Provided information START

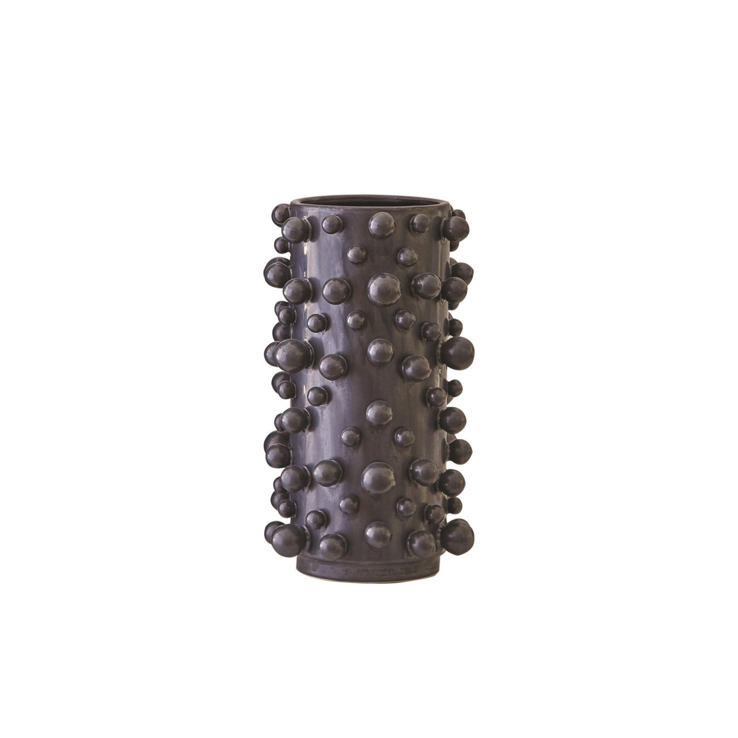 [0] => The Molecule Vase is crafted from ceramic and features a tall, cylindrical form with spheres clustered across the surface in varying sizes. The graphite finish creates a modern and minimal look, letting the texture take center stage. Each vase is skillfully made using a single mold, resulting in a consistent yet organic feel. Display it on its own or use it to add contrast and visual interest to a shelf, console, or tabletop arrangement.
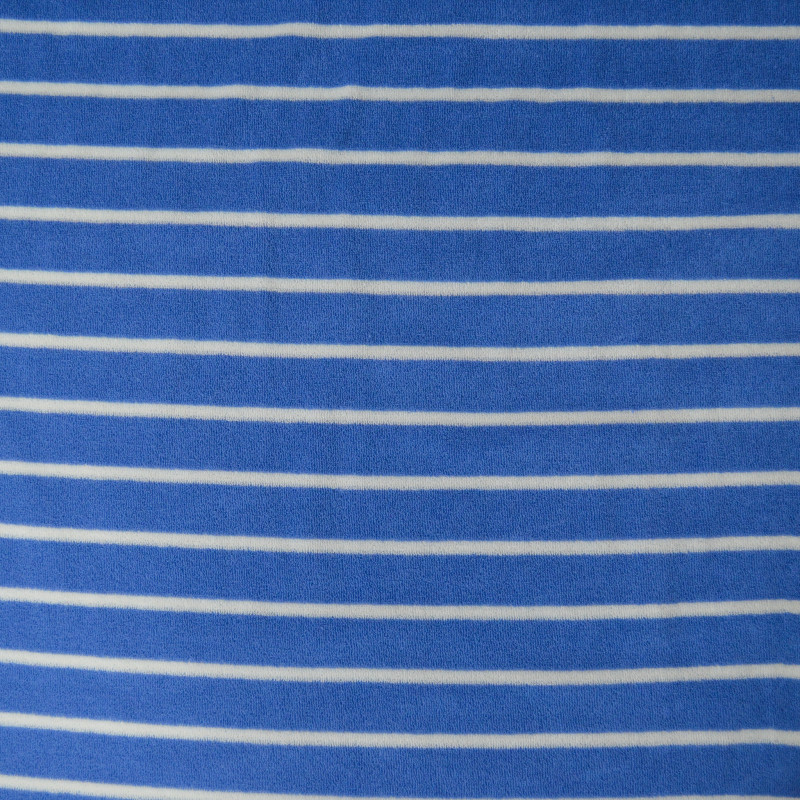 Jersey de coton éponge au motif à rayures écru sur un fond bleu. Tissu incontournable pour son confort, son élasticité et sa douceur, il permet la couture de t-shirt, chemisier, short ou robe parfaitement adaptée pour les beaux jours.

Provided information END
Provided information START

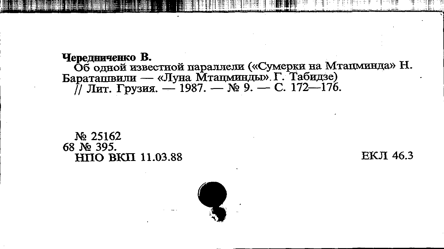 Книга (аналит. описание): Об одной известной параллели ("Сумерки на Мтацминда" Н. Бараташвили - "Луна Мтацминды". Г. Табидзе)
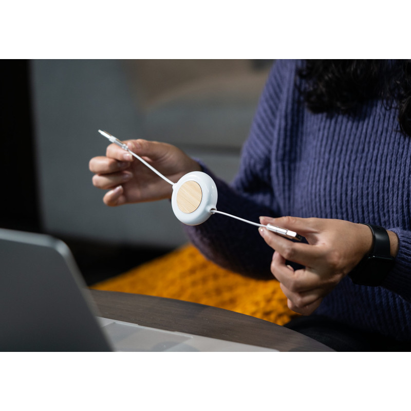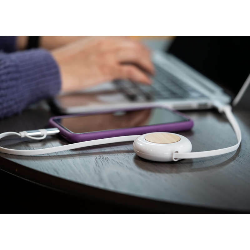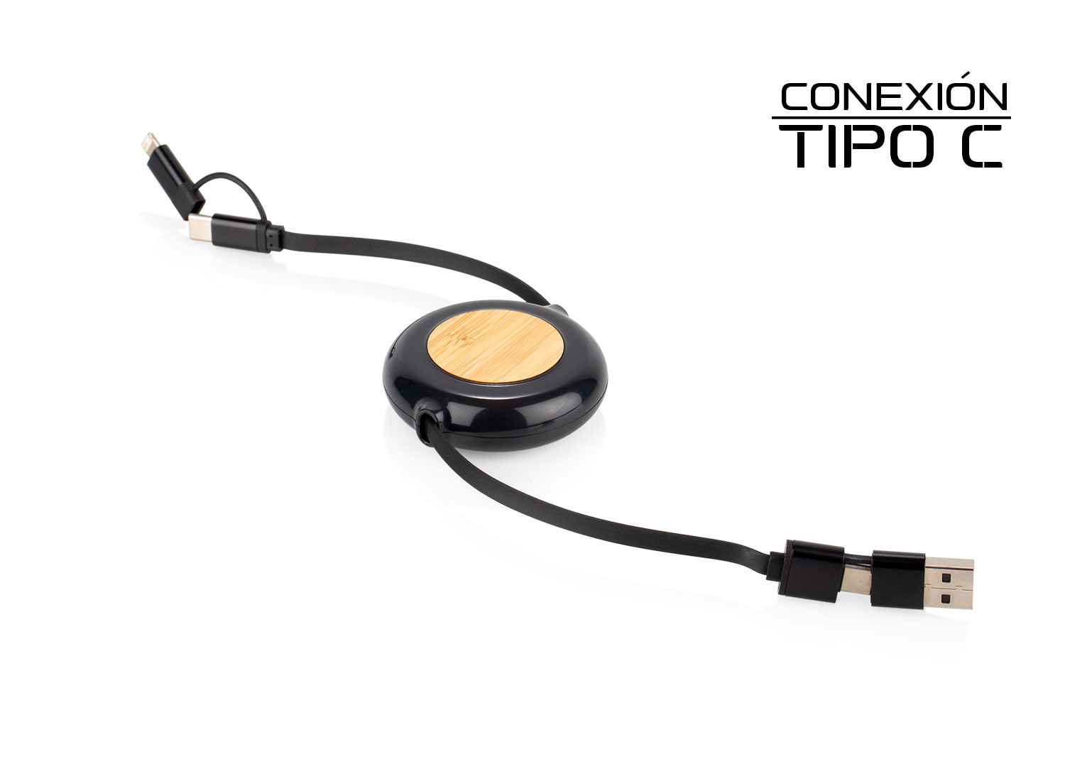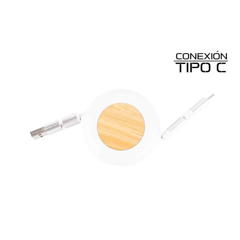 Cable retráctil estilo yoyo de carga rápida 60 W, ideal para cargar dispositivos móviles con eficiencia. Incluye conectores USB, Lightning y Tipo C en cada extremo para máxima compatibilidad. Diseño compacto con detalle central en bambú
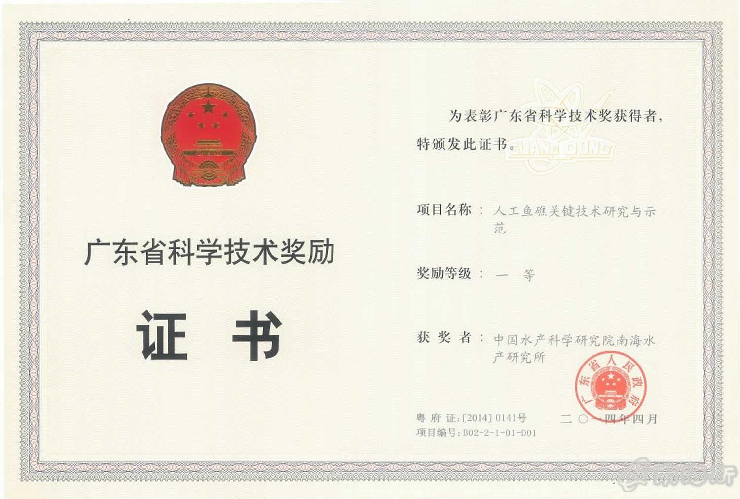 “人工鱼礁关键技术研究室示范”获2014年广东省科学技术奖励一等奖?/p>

Provided information END

> [Exercise prompt]:
Transcribe exactly the lines above, beginning at the one with "[0] => The Molecule" and going up to and including the one with "Jersey de coton". Pictures do not belong in the copy.

> [Output for this exercise]:
 [0] => The Molecule Vase is crafted from ceramic and features a tall, cylindrical form with spheres clustered across the surface in varying sizes. The graphite finish creates a modern and minimal look, letting the texture take center stage. Each vase is skillfully made using a single mold, resulting in a consistent yet organic feel. Display it on its own or use it to add contrast and visual interest to a shelf, console, or tabletop arrangement.
 Jersey de coton éponge au motif à rayures écru sur un fond bleu. Tissu incontournable pour son confort, son élasticité et sa douceur, il permet la couture de t-shirt, chemisier, short ou robe parfaitement adaptée pour les beaux jours.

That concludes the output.